Essentially, through the so-called Bacon Protocol — a set of smart contracts and programming that exists on the Ethereum blockchain platform — investors can purchase stable coins, which are a form of "stable" cryptocurrency pegged to the value of the U.S. dollar. Those stable coin investments are then pooled to fund digital, AI-enabled mortgages, and the mortgage liens are then indelibly linked to an NFT, which in turn serves as a form of collateral for the stable coins funding the transaction. 

"So, the process is basically [that] the money [from the mortgage payment] flows back to the people who participate in originating and servicing that loan," Jacob said. "But the lion’s share of that money goes back to the stable coin holders — the people who lent the money to that borrower through the coin. As far as a borrower is concerned, they just have a home loan, and they make a payment just like they normally would from their bank account, or they also can make it from their crypto [currency] wallet."

Jacob is not alone in seeing the potential upside for crypto-mortgages and AI-enabled traditional loans. To date, LoanSnap has attracted about $53 million in venture capital investment

The crypto-mortgages originated by LoanSnap so far are more akin to home-equity loans as opposed to home-purchase or rate-and-term refinance loans. The liens linked to NFTs represent a portion of a home's value as a result. 

To date, LoanSnap has originated about $7.3 million in crypto-loans across 27 homes that have a total value of $43 million. The annual percentage yield for holders of LoanSnap's stable coin used to fund the mortgages, called bHome, as of this week was 3.434%.

On the high end, one bHome-funded crypto-mortgage involves an $820,000 mortgage and lien on a California home valued at $20 million. Another transaction, on the low end, involves a $30,000 NFT-backed mortgage loan and lien for a home in Vancouver, Washington, valued at $432,000, according to the Bacon Coin website.

"It's significant," Jacob said. "It's getting to be a big project."

Jacob added that he was an advisor to Facebook "when it was six guys in a house in Palo Alto [California]," so he has some receipts in making winning bets on emerging markets.

"A lot of people when we started the stable coin stuff thought, you know, we're [crazy], it's small, but that's exactly what they told us at Facebook," Jacob recalled. "I'll never forget the moments when we were pitching it [Facebook] as an investment, and the most common feedback we got was, 'You guys are screwed because MySpace has 100 million users, and you will never catch them.'"

Facebook is now approaching 3 billion users worldwide. By one estimate, the global cryptocurrency market, although volatile, is valued today at around $1.8 trillion and is projected to exceed $32 trillion in value by 2027. 

"When we’re talking about the crypto stuff, we don’t need [warehouse lenders] because warehouse lines are really a creation of the industry to solve a problem, which is that funders can't fund fast enough. And we don’t have that problem with blockchain because it funds [loans] in minutes," Jacob said.

"I do think on the correspondent side and beyond, there’s definitely an opportunity, even for existing mortgage companies that are really good at the sales and marketing side, but maybe not so good at the back-end processing and all that.
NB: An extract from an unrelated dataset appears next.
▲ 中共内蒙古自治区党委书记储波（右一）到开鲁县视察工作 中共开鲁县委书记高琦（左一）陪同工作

That's what we built our system to do [for crypto and traditional mortgages]."

LoanSnap is not alone in seeing future opportunity in the crypto-mortgage market.

LauraMac is a software as a service, or SaaS, firm that provides due-diligence automation tools for the secondary market. Its technology is used by third-party due diligence firms that assess mortgage pools in securitization transactions in the private label market. 
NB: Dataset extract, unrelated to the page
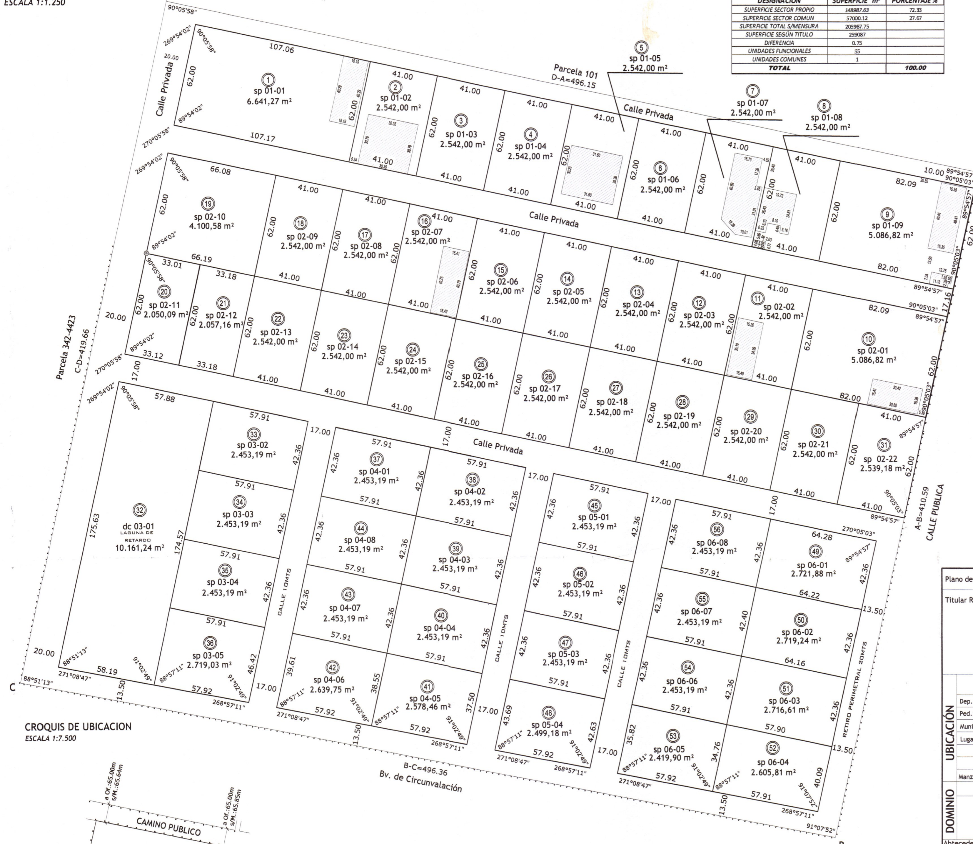
CROQUIS DE UBICACION ESCALA 1:7.500

Bob Fulton, CEO of LauraMac, said he is seeing increased interest in including comprehensive loan information in secured blockchain-enabled mortgage transactions. "That would really be a value-add because the lien alone doesn’t tell you much, other than who owns the property," he said. 

"In any one of those transactions, especially as it relates to mortgage, there is going to be the need for validation of data that gets put into that blockchain, and we do believe that there's a role for LauraMac to help facilitate the validation of that information," Fulton added. "It would still be done through one of our [client] third-party review firms [using our platform], but we do see that as an opportunity for us to participate in that market."

LoanSnap and LauraMac are far from alone in seeking to tap into the emerging blockchain and cryptocurrency lending markets. Other active players include Propy, Figure and Milo — as well as three companies backed by specialty housing-finance company Redwood Trust's venture investment arm, RWT Horizons. They are Vesta EquityOasis Pro Markets and Liquid Mortgage.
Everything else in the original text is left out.